* [HOW TO COMPLETE THIS TASK]
Down to the last line, set down the listing below exactly, apart from its pictures.

* [DATA SHOWN]
#####

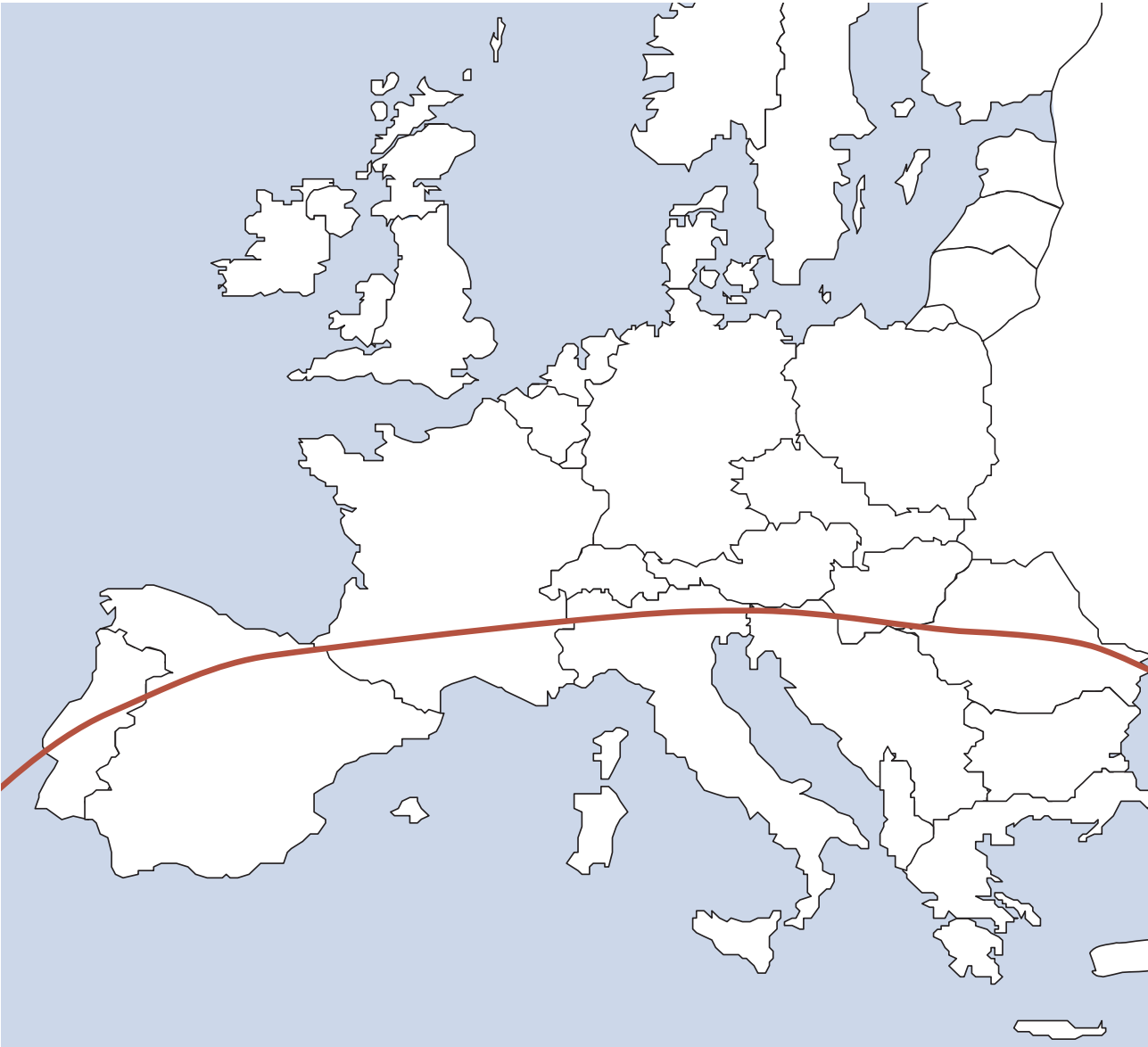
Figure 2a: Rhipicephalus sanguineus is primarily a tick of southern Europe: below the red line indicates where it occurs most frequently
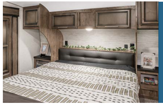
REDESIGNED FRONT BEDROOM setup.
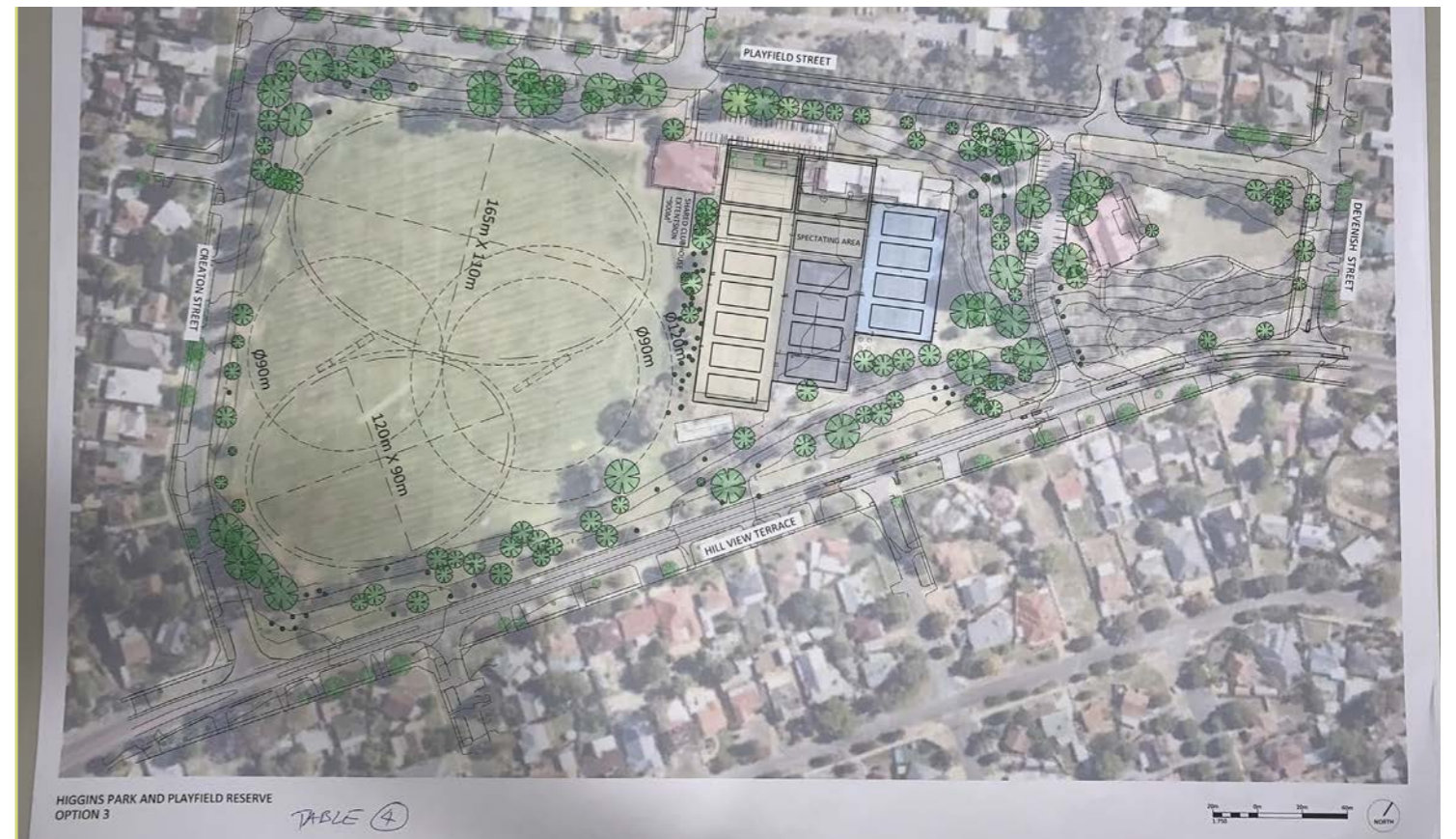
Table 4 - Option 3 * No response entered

#####

* [PROBLEM SOLUTION]
Figure 2a: Rhipicephalus sanguineus is primarily a tick of southern Europe: below the red line indicates where it occurs most frequently
REDESIGNED FRONT BEDROOM setup.
Table 4 - Option 3 * No response entered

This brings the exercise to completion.